The subject was a 54-year-old man who had experienced left peripheral facial nerve paralysis caused by trauma 6 months earlier. His symptoms included asymmetry of the left corner of the mouth, absence of nasal labial fold, shallowing of the forehead lines, and numbness of the cheeks on the affected side. He was unable to complete the movements required to wrinkle his forehead, close his eyes, show his teeth, drum his cheeks or whistle. He provided written informed consent. The ethics committee of Guangdong Provincial Hospital of Chinese Medicine approved this study in 2017 (ref. Y2017-171).

Acupuncture treatment

The patient completed four sessions of needling at traditional acupuncture points twice per week for a total of 12 months. Stainless steel acupuncture needles (0.25–0.30 mm diameter, 25 mm length; Huatuo) were inserted at ST2, ST4, ST6 and GB14 on the affected side; 2 Hz electrical stimulation was applied for 30 min using a constant-current electroacupuncture (EA) device with moderately strong current intensity (2 mA).

Measurements

House–Brackmann (H-B) paralysis scale scores and electromyography (EMG) were assessed at baseline (T1) and after 3 months (T2), 6 months (T3), 9 months (T4) and 12 months (T5) of acupuncture to help achieve an objective measure of treatment outcome. The long-term effect of EA on the excitability of the motor cortex was evaluated at baseline and after each session via transcranial magnetic stimulation (TMS; Magstim Company Ltd, UK) detection using a figure-eight coil. Then, acupuncture was administered, and another five TMS detections were delivered again after acupuncture needle removal and respectively compared with the data before acupuncture to observe the immediate effect. Motor-evoked potentials (MEPs) were recorded by EMG at the contralateral first dorsal interosseous (FDI) muscles (abductor pollicis brevis) at rest and the bilateral orbicularis oculi (OO) muscle in the task of a blink. The resting motor threshold (RMT) of the FDI and active motor threshold (AMT) of the OO were identified at the hot spot with the lowest input of current intensity. The lowest intensity induced at least 50 mV in hand representation and 100 mV in face representation (three out of five times). MEPs were measured at 120% motor threshold (MT). The sum of the average MEP amplitudes at each stimulated location was calculated.

Outcome

After the acupuncture treatment, the patient was able to complete the movement of his face symmetrically. The treatment outcomes are presented in Figure 1(a). The long-term effect and the immediate effect of acupuncture are presented in Figure 1(b) and (c), respectively.

Figure 1.

(a) Changes in House–Brackmann (H-B) paralysis scale scores and electromyography (EMG) following each acupuncture treatment session. (b) Changes in the sum of motor-evoked potentials (MEPs) following each treatment session. (c) Changes in the sum of orbicularis oculi (OO) and first digital interosseous (FDI = abductor pollicis brevis) muscle MEPs before and after acupuncture. Acupuncture induced an increase in the sum of OO MEPs (p < 0.005) and a decrease in the sum of FDI MEPs (p < 0.05).H-B scales: the House–Brackmann paralysis scales; EMG: electromyography; OO: orbicularis oculi muscle; FDI: abductor pollicis brevis muscle; MEPs: motor-evoked potentials.

Commentary

In the present study, we observed that EA on the affected side could: (1) improve symptoms of the sequelae of facial paralysis; (2) completely restore the function of the facial nerve; and (3) induce changes in excitability in the contralateral motor cortex (increased excitability in face representation and decreased excitability in hand representation). These results suggest that somatosensory stimulus-induced plasticity between the face and hand representations in the motor cortex may correlate with the improvement in facial paralysis.

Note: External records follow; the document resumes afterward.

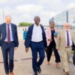 From left to right: Jakob Linulf, Danish Ambassador to Ghana; Moses Kwesi Baiden Jnr., CEO of Margins ID Group; Jørgen Østergård Bollesen, Head of Trade; and Linda Kafui Abbah-Foli, Commercial Advisor at the Danish Embassy, walking on the premises of Intelligent Card Production Systems (ICPS) en route to the factory.
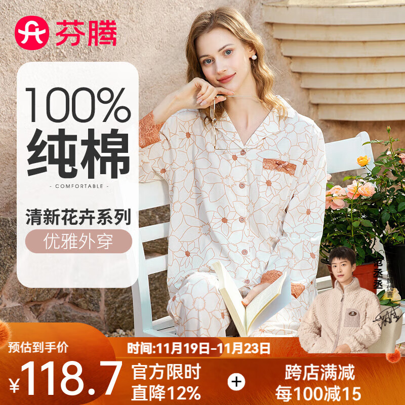 芬腾睡衣女季新款柔软纯棉优雅风翻领蕾丝长袖家居服套装 优雅白 M
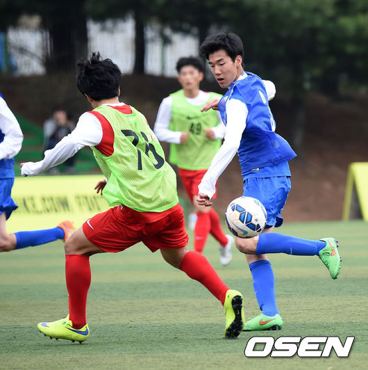 1차 테스트에 합격한 20명의 선수들이 두팀으로 나눠 파이널 매치를 펼치고 있다. 블루팀 이준석이 패스를 하고 있다.

Plasticity between different representations can be induced in healthy subjects by central or peripheral stimuli. Repetitive TMS (rTMS) of face or hand representations induced an inhibitory effect on upper arm representations in a transient ischemic nerve block (INB) model established in the proximal forearm of healthy subjects.¹ Moreover, somatic stimulation in the lower limb can produce changes in upper limb muscle representation in the motor cortex.⁴

Furthermore, recent studies have suggested that plasticity between different representations may play an important role in the recovery of function. The best treatment options for facial pain caused by trigeminal nerve lesions involve stimulation of the face representation area of the cerebral motor cortex by rTMS, but not the facial representation area corresponding to the painful zone.⁵

In summary, the plasticity between different representations induced by somatic stimuli may provide a new treatment strategy for functional recovery in neurological diseases. The effects observed in this case need to be verified in a large sample and further evaluated by controlled clinical studies.

Footnotes

Authors’ note

The views expressed in the submitted article are not an official position of the institution or funder.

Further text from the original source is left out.